Alex Szostak

Personal information
- Born: 4 April 1986 (age 39) Keighley, West Yorkshire, England

Playing information
- Position: Second-row
Club
| Years | Team | Pld | T | G | FG | P |
| 2008–13 | Sheffield Eagles | 148 | 28 | 0 | 0 | 112 |
| 2014–17 | Workington Town | 34 | 1 | 0 | 0 | 4 |
|  | Total | 182 | 29 | 0 | 0 | 116 |
Representative
| Years | Team | Pld | T | G | FG | P |
| 2004–13 | Scotland | 17 | 1 | 0 | 0 | 4 |
- Source:

= Alex Szostak =

Scotland international rugby league footballer

Alex Szostak (born 4 April 1986) is a former Scotland international rugby league footballer who played as a forward for the Sheffield Eagles in the RFL Championship and Workington Town in Kingstone Press League 1.

==Background==
Szostak was born in Keighley, West Yorkshire, England.

==Career==
Szostak started his career with Bradford Bulls, and played for several seasons in the club's under-21 team.
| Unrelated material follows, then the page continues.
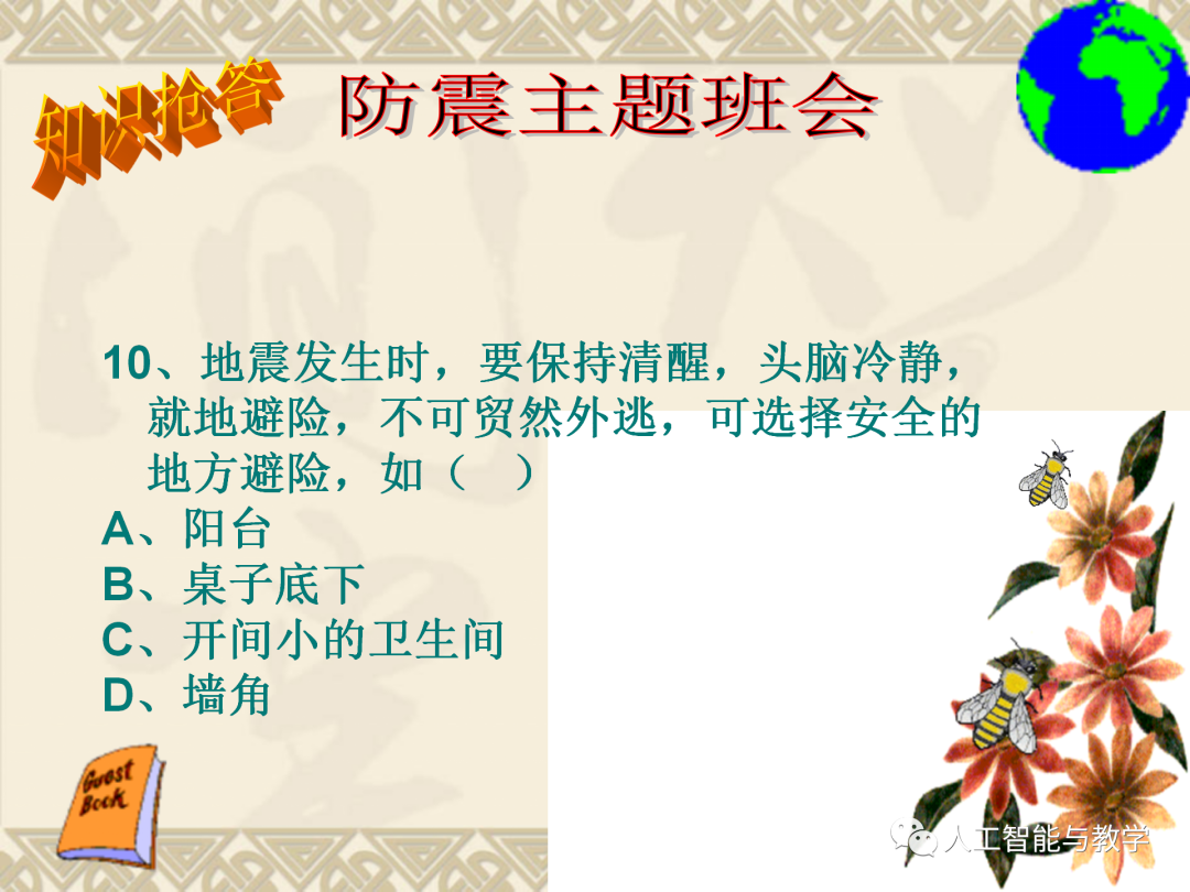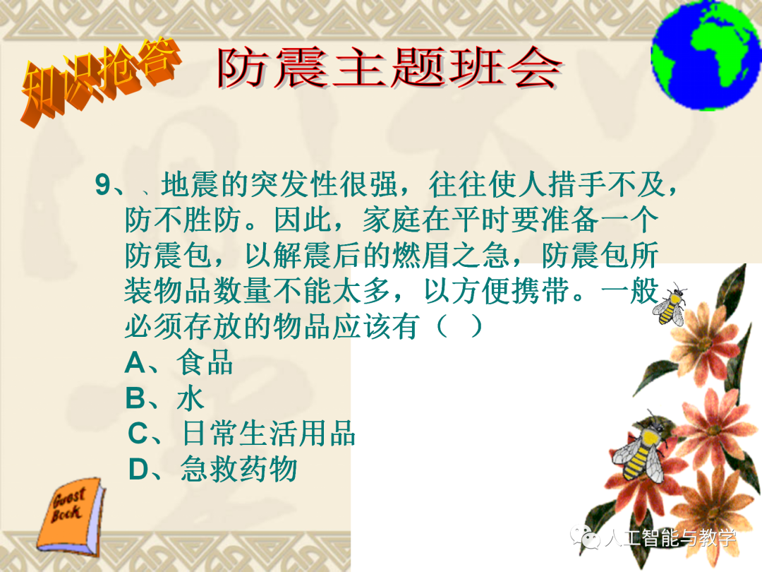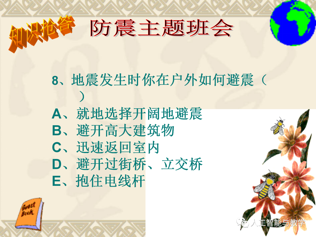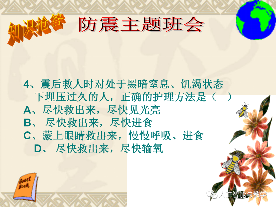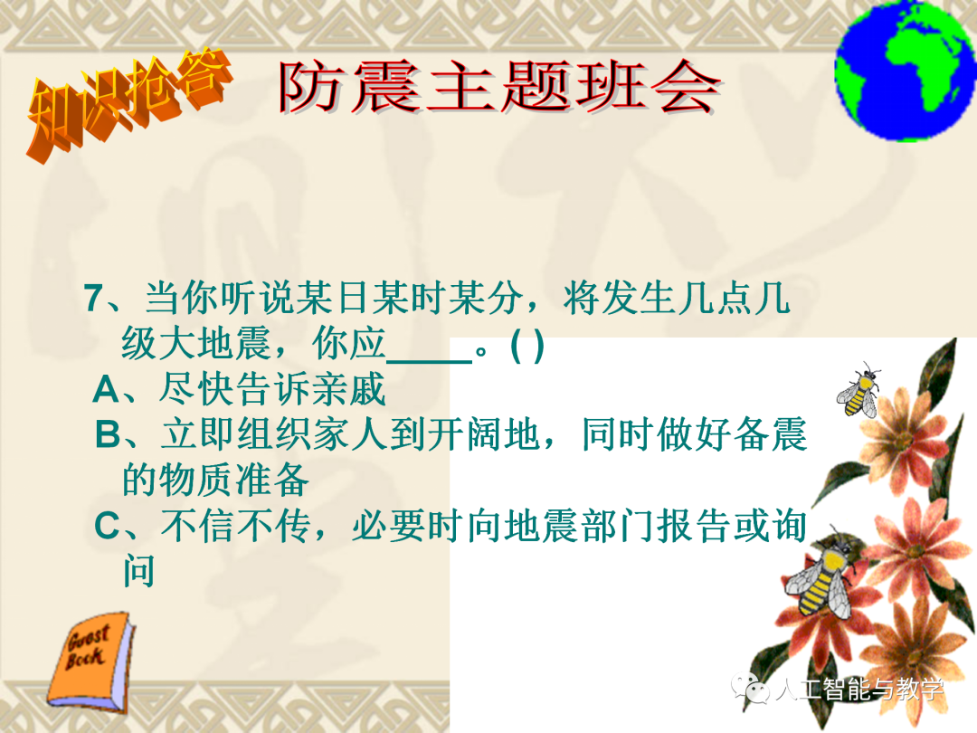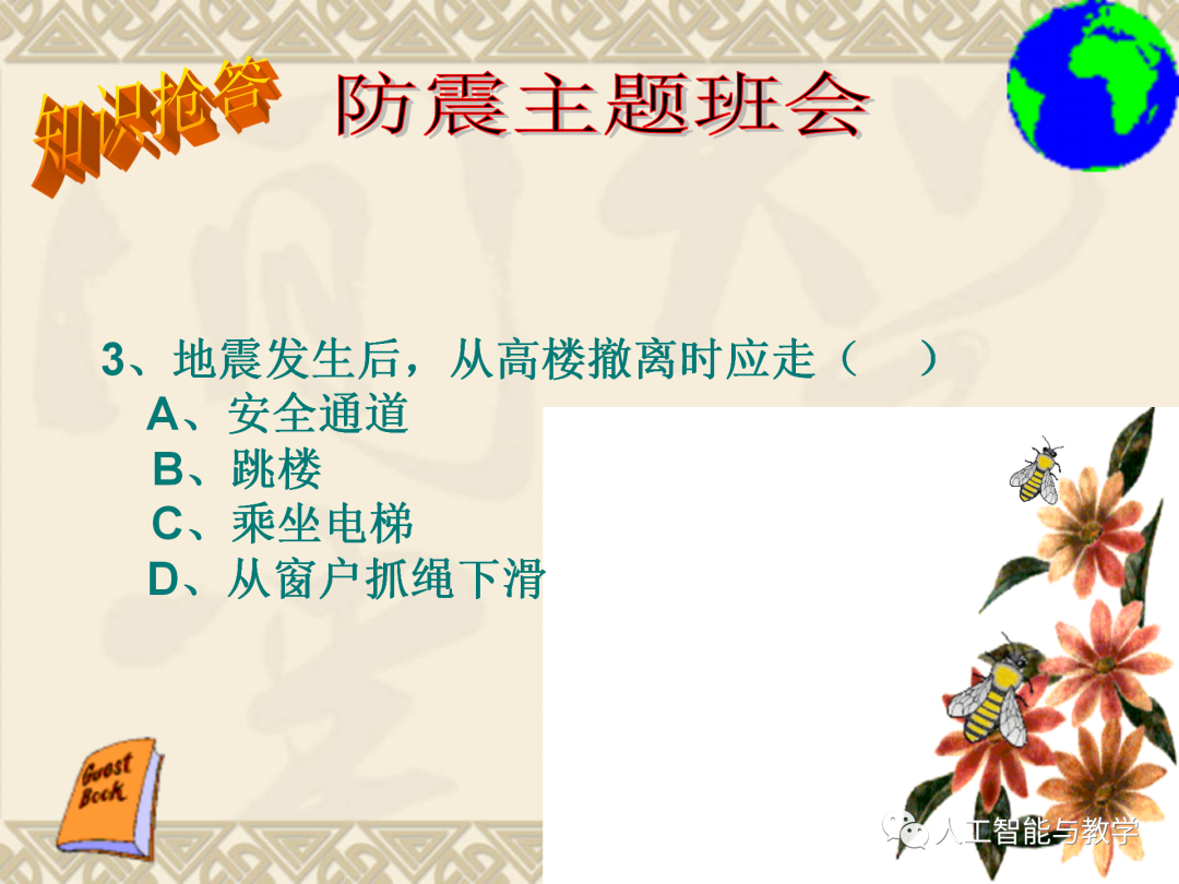 《防震自救》主题班会教案 一、目标: 通过学习,让学生对能够了解一些基本常识,结合 “全国防灾减灾日”开展活动,进一步强化学校安全教育工作,帮助学生树立安全意识、掌握安全知识、提高自我保护能力,保证学校的教育教学工作健康有序的开展。 二、内容简介 1.“防灾减灾日”意义。 2.对我国影响较大的几种自然灾害 3.常见灾害及预防自救、自护常识 三、活动过程 ⅰ.活动背景 ①各小队相互交流,了解地震的成因。 ②播放地震成因影片。 ③学生出示搜集到的有关地震知识。 学生4:我国川、滇、黔接壤地带,该地带现代地壳活动强烈,地震濒发,震级高。由于地壳活动强烈,山体中断裂发育,岩石破碎,风化严重,加上干湿季节分明,暴雨集中。促使滑坡、泥石流灾害突发。这次四川发生了8.0级的地震,震后到目前为止,还发生了四次6级以上的余震,以唐山大地震的破坏性更大。 ④初步了解各种地质灾害的关联性。 各种地质灾害既具有各自形成、发展、致灾的规律,各灾害之间以及它们与 其他因素之间又有一定的关联性。一个地域内的地质灾害可能有若干种,它们在成因上是有关联的。例如,在一次灾害发生过程中,往往有一种原发性的主灾诱发其他灾害,例如,地震因毁坏生产和生活设施而成灾,同时造成地裂,并引发火灾,又由于人员伤亡和医疗设施的破坏,可能会引起疫病曼延等。人类活动及其对自然环境施加的影响,可以间接或直接诱发地质灾害。例如,人类对植被的破坏,使地表径流的水量和速度加大,是泥石流日趋频繁的重要原因。人类大规模的工程活动,造成滑坡等灾害的事件时有发生。 ⑤地质灾害的防御 当今世界,由于人口快速增长和经济密集发展,加之人类对自然环境的破坏日益严重,地质灾害发生的频度和成灾的强度不断提高。这已引起了世界各国政府和人民的广泛关注。 学生5:加强地质灾害的科学研究,建立灾情监测预报系统。 学生6:加强地质灾害的管理,建立健全减灾工作的政策法规体系。 学生7:实施一些预防措施。例如,提高建筑物的抗震强度;实施护坡工程,防止滑坡和崩塌。除采取工程措施外,还可进行植树造林等综合治理措施,如通过恢复地表植被,改善生态环境,治理水土流失,以减少泥石流或滑坡的发生频率和强度。 学生8:积极开展防灾、减灾的宣传教育,提高公众的环保意识和减灾意识,能够更有效地开展和做好防灾、减灾工作。 ⅱ、“防灾减灾日”意义 我国是世界上自然灾害最为严重的国家之一,灾害种类多、分布地域广、发生频率高、造成损失重。 自2009年起,国务院确定每年的5月12日为“防灾减灾日”。 2008年5月12日,我国四川汶川发生8.0级特大地震,损失影响之大,举世震惊。设立我国的“防灾减灾日”,一方面是顺应社会各界对我国防灾减灾关注的诉求,另一方面也是提醒国民前事不忘,后事之师,更加重视防灾减灾,努力减少灾害损失。国家设立“防灾减灾日”,将使我国的防灾减灾工作更有针对性,更加有效地开展防灾减灾工作。 ⅲ、对我国影响最大的几种自然灾害 地质灾害:种类有:泥石流、滑坡、崩塌、地面下沉、地震。 洪涝及其它灾害:雨涝灾害、洪水灾害、凌汛灾害、地震灾害。 大风灾害:风力达到足以危害人们的生产活动、经济建设和日常生活的风,成为大风。危害性大风主要指台风、寒潮大风、雷暴大风、龙卷风。 热带气旋灾害:我国是世界上少数几个受热带气旋严重影响的国家之一。冰雹灾害:我国是世界上雹灾较多的国家之一。 ⅳ、常见严重灾害的防护 (一)地震时该怎样办 1.躲在桌子等坚固家具的下面 大的地震晃动时间约为1分钟左右。首先,在重心较低、且结实牢固的桌子下面躲避,并紧紧抓牢桌子腿。在没有桌子等可供藏身的场合,无论如何,也要用坐垫等物保护好头部。 2.不要慌张地向户外跑 地震发生后,慌慌张张地向外跑,碎玻璃、屋顶上的砖瓦、广告牌等掉下来砸在身上,是很危险的。此外,水泥预制板墙、自动售货机等也有倒塌的危险,不要靠近这些物体。 3.将门打开,确保出口 钢筋水泥结构的房屋等,由于地震的晃动会造成门窗错位,打不开门,曾经发生有人被封闭在屋子里的事例。请将门打开,确保出口。 4.户外的场合,要保护好头部,避开危险之处 在繁华街、楼区,最危险的是玻璃窗、广告牌等物掉落下来砸伤人。要注意用手或手提包等物保护好头部。在楼区时,根据情况,进入建筑物中躲避比较安全。 5.地震发生后应当采取哪些自救措施? 大地震中被倒塌建筑物压埋的人,只要神志清醒,身体没有重大创伤,都应该坚定获救的信心,妥善保护好自己,积极实施自救。 a. 要尽量用湿毛巾、衣物或其他布料捂住口、鼻和头部,防止灰尘呛闷发生窒息,也可以避免建筑物进一步倒塌造成的伤害。 b. 尽量活动手、脚,清除脸上的灰土和压在身上的物件。 c. 用周围可以挪动的物品支撑身体上方的重物,避免进一步塌落;扩大活动空间,保持足够的空气。 d. 几个人同时被压埋时,要互相鼓励,共同计划,团结配合,必要时采取脱险行动。e. 寻找和开避通道,设法逃离险境,朝着有光亮更安全宽敞的地方移动 f. 一时无法脱险,要尽量节省气力。如能找到代用品和水,要计划着节约使用,尽量延长生存时间,等待获救。g. 保存体力,不要盲目大声呼救。在周围十分安静,或听到上面(外面)有人活动时,用砖

He played at club level for Workington Town, as a .

Alex won two Championship titles with Sheffield in 2012 and 2013, before leaving the club to concentrate on his work commitments. Szostak signed with Workington Town for the 2014 season but sustained a knee injury during a match against Whitehaven, which kept him out of the remaining games of the 2014 and start of the 2015 season.

In June 2015 Szostak signed again with Workington Town for the remaining games of the 2015 season. Szostak made his 2nd début for Workington Town against London Broncos on Sunday, 19 July, at Derwent Park.